Search code examples
pythonpandasweb-scrapingredditpraw

How to scrape all the posts from a subreddit from a specific period of time?


I'm trying to retrieve all the posts from a subreddit that were created in 2020-2021.

Below is the code I wrote to try to solve this

import datetime

subreddit = reddit_read_only.subreddit("SuicideWatch")

# Scraping the top posts of all time
posts = subreddit.top("all")
 
posts_dict = {"Title": [], "Post Text": [],
              "ID": [], "Score": [],
              "Total Comments": [], "Post URL": []
              }

start_date = '01-01-20 00:00:00'
start_date = datetime.datetime.strptime(start_date, '%d-%m-%y %H:%M:%S').timestamp()
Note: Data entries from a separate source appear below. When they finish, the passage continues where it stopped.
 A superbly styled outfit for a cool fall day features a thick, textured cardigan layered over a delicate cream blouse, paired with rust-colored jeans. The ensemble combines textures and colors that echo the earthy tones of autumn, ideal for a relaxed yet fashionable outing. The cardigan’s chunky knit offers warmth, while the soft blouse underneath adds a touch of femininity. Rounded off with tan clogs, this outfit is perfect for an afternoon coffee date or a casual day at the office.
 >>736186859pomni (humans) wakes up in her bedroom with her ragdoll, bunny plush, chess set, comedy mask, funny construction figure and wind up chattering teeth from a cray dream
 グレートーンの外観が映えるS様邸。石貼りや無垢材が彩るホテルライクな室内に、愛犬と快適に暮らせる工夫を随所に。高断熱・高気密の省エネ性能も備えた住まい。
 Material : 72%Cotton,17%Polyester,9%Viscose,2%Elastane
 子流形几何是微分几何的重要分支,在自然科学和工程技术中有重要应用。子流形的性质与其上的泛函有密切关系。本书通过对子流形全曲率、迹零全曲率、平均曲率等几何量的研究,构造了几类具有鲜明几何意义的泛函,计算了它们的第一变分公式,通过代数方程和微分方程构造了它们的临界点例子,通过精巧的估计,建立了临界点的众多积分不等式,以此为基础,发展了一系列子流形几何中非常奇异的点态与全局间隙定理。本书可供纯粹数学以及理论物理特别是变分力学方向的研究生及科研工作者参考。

end_date = '31-12-21 12:00:00'
end_date = datetime.datetime.strptime(end_date, '%d-%m-%y %H:%M:%S').timestamp()


for post in posts:
    # Date of each posts' creation
    date = post.created
    if start_date < date < end_date:
        # Title of each post
        posts_dict["Title"].append(post.title)
     
        # Text inside a post
        posts_dict["Post Text"].append(post.selftext)
     
        # Unique ID of each post
        posts_dict["ID"].append(post.id)
     
        # The score of a post
        posts_dict["Score"].append(post.score)
     
        # Total number of comments inside the post
        posts_dict["Total Comments"].append(post.num_comments)
     
        # URL of each post
        posts_dict["Post URL"].append(post.url)
 
# Saving the data in a pandas dataframe
top_posts = pd.DataFrame(posts_dict)
top_posts

This worked however, it only returned 72 posts.


Solution

  • I was able to solve this. Since I wasn't able to search for posts between a set of dates. I just looked for posts after my start date so that date > start_date.
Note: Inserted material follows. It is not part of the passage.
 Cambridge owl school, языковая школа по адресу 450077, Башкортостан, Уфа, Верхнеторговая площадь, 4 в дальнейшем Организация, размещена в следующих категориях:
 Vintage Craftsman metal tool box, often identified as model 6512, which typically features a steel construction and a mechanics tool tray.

    I also modified one line to set the limit as None so it returned over the default limit of 100 posts.

    posts = subreddit.top(time_filter = "all", limit = None)
    

    This resulted in scraping 764 posts instead of just 72.
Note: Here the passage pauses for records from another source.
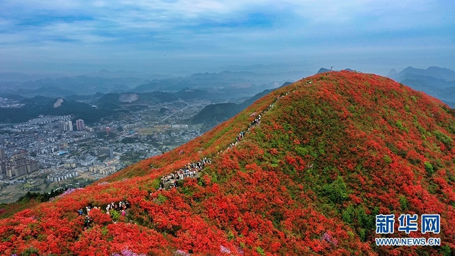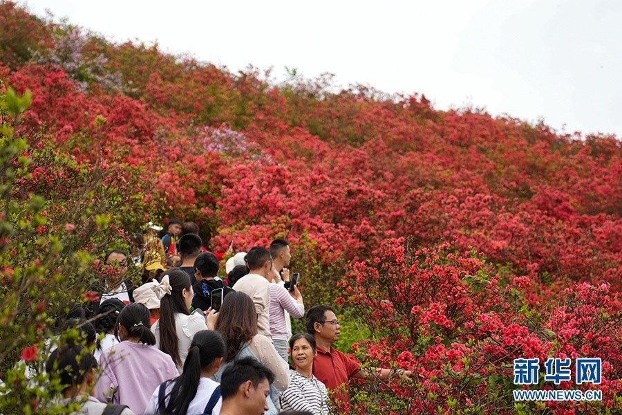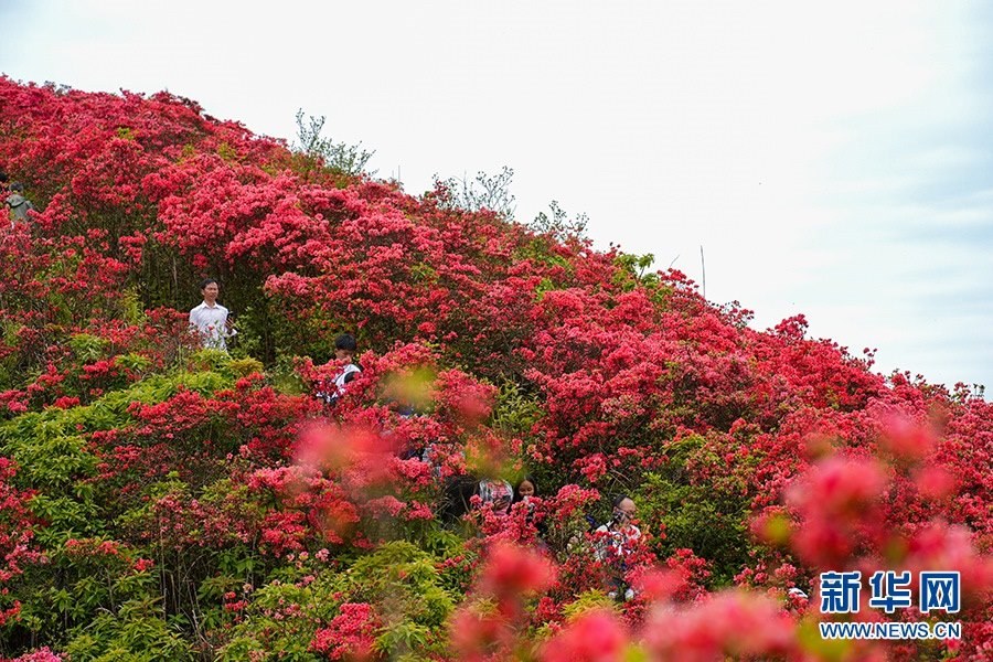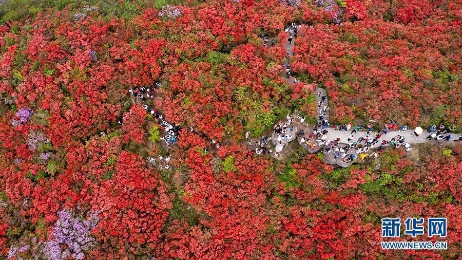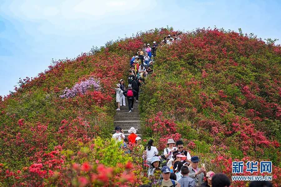 當(dāng)日,在貴州省黔東南苗族侗族自治州丹寨縣縣城邊海拔1400多米的龍泉山,萬畝杜鵑花競相綻放,山谷間、棧道旁、懸崖上,一顆顆、一簇簇、一朵朵杜鵑花迎風(fēng)搖曳,形成浩瀚花海,引來眾多游客登高望遠(yuǎn),飽覽靈山秀水之美。
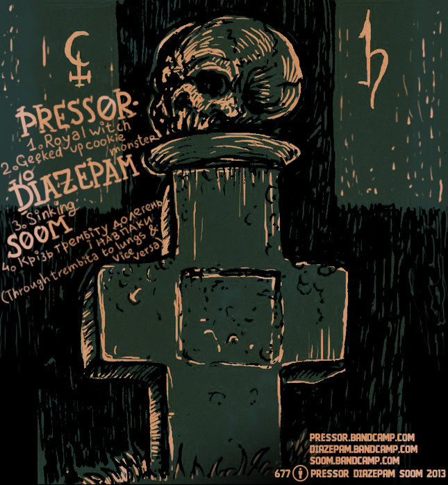 Soom est peut être le plus différent des trois confrères, plus psychédélique, plus monolithique, avec une voix claire, et un son qui fait encore plus grésiller les enceintes, si c'était possible. Ils signent ici leur premier enregistrement, et l'on pense un peu à Suma, peut être à cause du nom du groupe, mais avant tout à cause du style. Mais le fait est que, plus on progresse dans l'écoute de ce split, plus on creuse sous terre : lisez vous même la tracklist, vous verrez, à la fin c'est carrément marqué en Russe. Ce "Крізь трембіту до легень і навпаки" (ne me demandez pas de le prononcer) est une chappe de plomb, un riff unique qui plombe encore plus la fin de ce split.
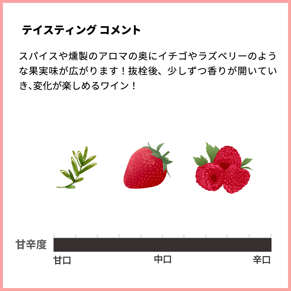 スパイスや燻製のアロマの奥にイチゴやラズベリーのような果実味が広がります!抜栓後、少しずつ香りが開いていき、変化が楽しめるワイン!
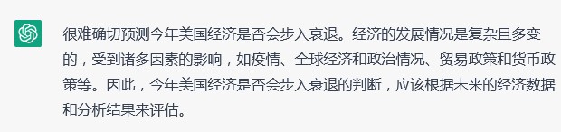 值得一提的是,我們發現 ChatGPT 財經方面的 “知識儲備” 大多侷限在 2021 年以前,在提問過程中,當我們問它美國當前的通脹率和利率水平時,它給出的答案均為兩年前的數據。
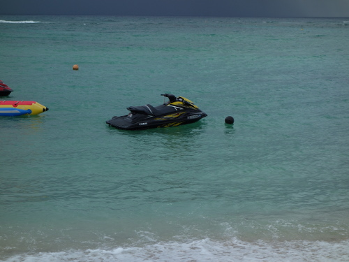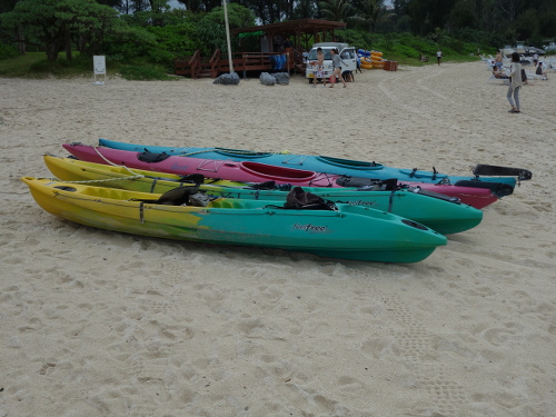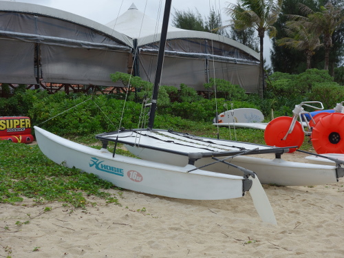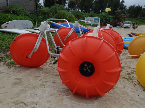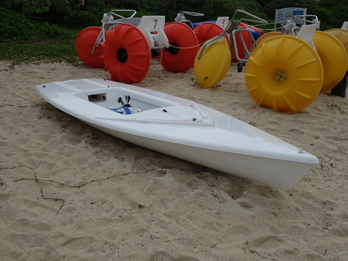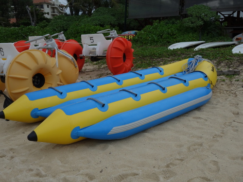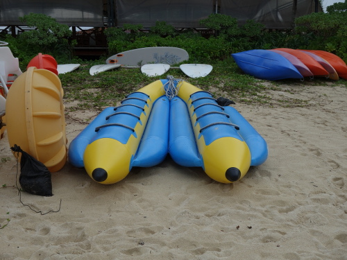 ザ・ブセナテラスのシーサイドカウンター近くの浜辺にはマリンアクティビティのワンショットアイテムがたくさん置いてありました。いろいろあって、名前が確認できていない(よくわからない)ものもあります。
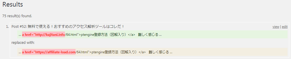 『Replace』をクリックすると数秒で置換え結果が表示されました。
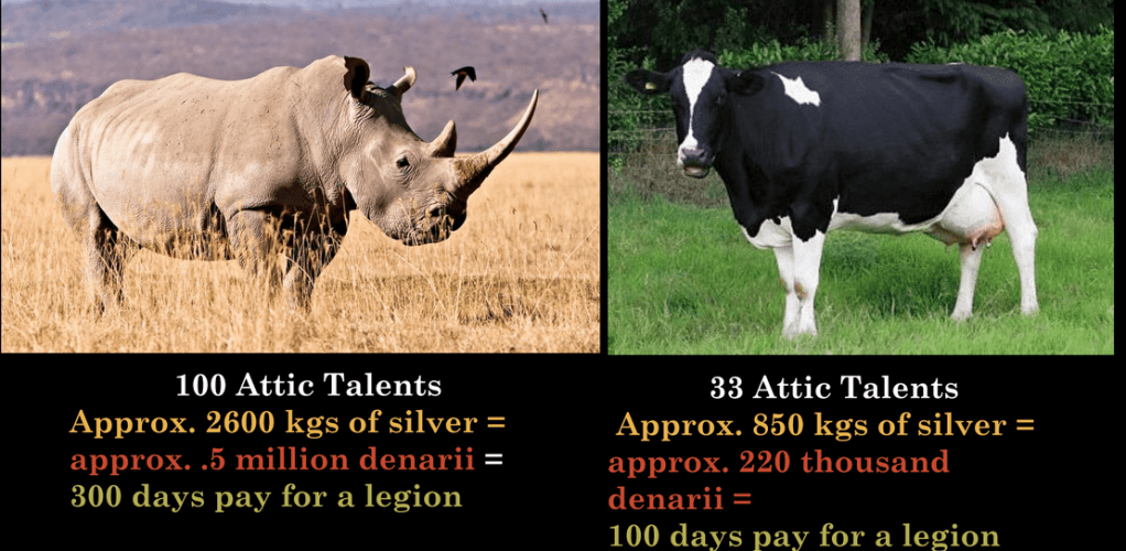 Imagine the weight of 8 full grown male rhinos and a one young skinny cow. That’s how much Crassus got hold over Caesar by way of other creditors. Or, if that is too silly for you enough to pay a legion for over 8 years. It makes me wonder if Crassus gave up the triumph to stand for the consulship because he’d not made enough in Spain to cover the debts and he needed a new province to get out from under Crassus’ thumb… Rabid speculation. Don’t quote me. I’d have to think a great deal more about this.

    Afterwards I altered the "Created On" column into a date using the following:

    all_posts['Created On'] = pd.to_datetime(all_posts['Created On'],  unit='s')
    

    Then I was able to filter for posts created in 2020-2021.

    Full Code Below:

    import praw
    import pandas as pd
    import datetime
    
    subreddit = reddit_read_only.subreddit("SuicideWatch")
    
    # Scraping the top posts of all time
    posts = subreddit.top(time_filter = "all", limit = None)
     
    posts_dict = {"Title": [], "Post Text": [],
                  "ID": [], "Score": [], "Upvote Ratio": [],
                  "Total Comments": [],"Created On":[], "Post URL": [],
                  "Original Content": []
                  }
    
    start_date = '01-01-20 00:00:00'
    start_date = datetime.datetime.strptime(start_date, '%d-%m-%y %H:%M:%S').timestamp()
    
    for post in posts:
        # Date of each posts' creation
        date = post.created_utc
        if date > start_date:
            # Title of each post
            posts_dict["Title"].append(post.title)
         
            # Text inside a post
            posts_dict["Post Text"].append(post.selftext)
         
            # Unique ID of each post
            posts_dict["ID"].append(post.id)
         
            # The score of a post
            posts_dict["Score"].append(post.score)
            
            # Upvote Ratio of a post
            posts_dict["Upvote Ratio"].append(post.upvote_ratio)
         
            # Total number of comments inside the post
            posts_dict["Total Comments"].append(post.num_comments)
             
            # Date the post was Created
            posts_dict["Created On"].append(post.created_utc)
            
            # URL of each post
            posts_dict["Post URL"].append(post.url)
            
            # Flair of each post
            posts_dict["Original Content"].append(post.is_original_content)
            
    # Saving the data in a pandas dataframe
    all_posts = pd.DataFrame(posts_dict)
    all_posts['Created On'] = pd.to_datetime(all_posts['Created On'],  unit='s')
    all_posts